Speaker
Description
In any application where a radiation detector is utilized in a mixed radiation field, there is an inherent issue of separating the signal from the background. This research focuses on the separation of neutron and gamma-ray events in a liquid scintillator. The standard solution to this issue leverages the fact that the secondary particles generated in neutron and photon interactions are different; the former being nuclear recoils, typically protons in organic scintillators, and the latter being electrons or positrons in the case of pair production. The charge deposition characteristics of these secondary particles provide the basis for Pulse Shape Discrimination (PSD) as a means of event classification.

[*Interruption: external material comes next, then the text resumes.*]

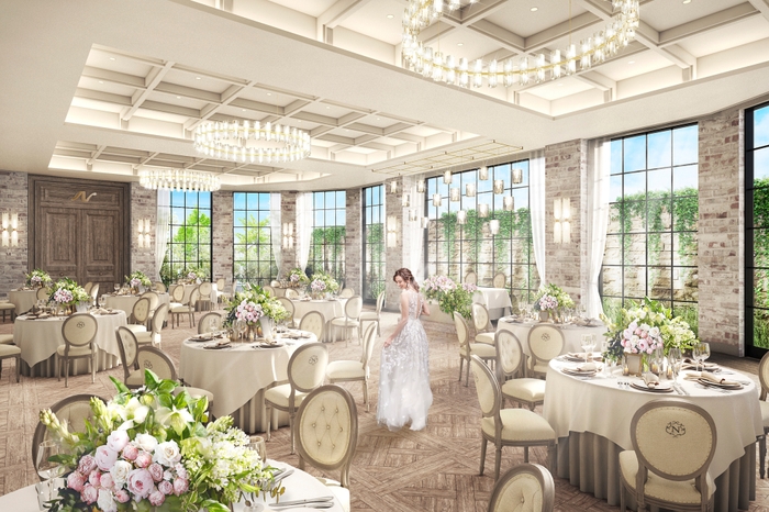 個性豊かなデザイナーのブティックが並ぶダウンタウンのノリータ地区は、マンハッタンの流行発信地としてニューヨーカーに人気のエリア。カジュアルながらもファッショナブルな人々が街路を散策し、道路沿いのよく知られたカフェ、シックなバー、流行のレストランに入っていく―――そんな流行の気風にあふれた魅力的で上品な地域をイメージして、新館「ノリータ」はデザインされました。白とレンガのノスタルジックな雰囲気と、流行レストランや高級ブティックの洗練さが融合した、おしゃれでオリジナリティを求める花嫁におすすめの新会場です。

The work presented focuses on the development of a machine learning algorithm for use in the problem of pulse shape discrimination. The signals generated from gamma ray and neutron interactions inside the liquid scintillator used are comprised of three characteristic scintillation decay times: 3.16 ns, 32.3 ns, and 270 ns. The proportion of scintillation light generated from these three characteristic times is dictated by the stopping power of the particle traversing the scintillator, generating distinguishable signals for photon interactions relative to neutron interactions. Typically PSD is performed by allowing two different charge collection windows and comparing the amount of charge collected in both; tail-to-total integration. This work utilizes current generation machine vision algorithms for the task of event classification, where the PMT output from the scintillator will be utilized as the input to the machine vision algorithm. Current generation algorithms allow for feature extraction performed simultaneously at differing spatial extents, which enables the algorithm to extract valuable information about the signal from all three time scales present in the scintillator, 3, 30, and 300 ns. This new application of machine vision algorithms will be coupled with a current generation digitizer operating with 12 bit precision and sampling at 3.2 GS/s. This opens up the possibility of utilizing information from the rising edge of the signal, which is on the order of a few nanoseconds.

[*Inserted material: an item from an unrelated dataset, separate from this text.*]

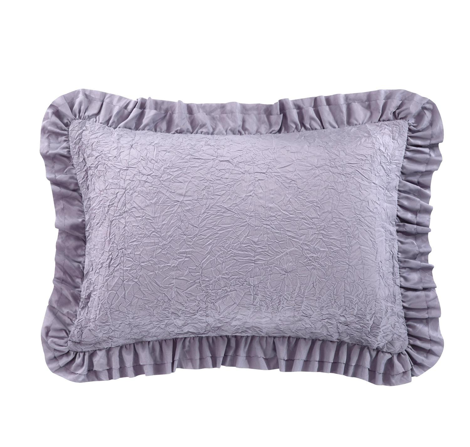 – CRINKLE CRUSH DESIGN – Laid back washed crinkle look on the face with a double layer flange border – Unique decorative pillows and a design coordinated sham included

Training of this algorithm was performed in a supervised manner, which requires that labeled sets of data be provided for the algorithm to learn from. Any improperly labeled data utilized, diminishes the performance of the algorithm, making correctly labeled data paramount to success. Performing this for neutron and gamma-ray events in the scintillator is quite difficult due to the complications mentioned for event classification. The solution used in this project is to utilize an isotopic source of neutrons, PuBe. The PuBe source produces prompt gamma rays in conjunction with neutrons in some decays, with energies greater than 4 MeV. These prompt gamma rays can serve as an event trigger for detection of neutrons in a secondary detector, providing relative certainty that detected events within an appropriate time window are indeed neutron events. Producing a high degree of purity in the training data.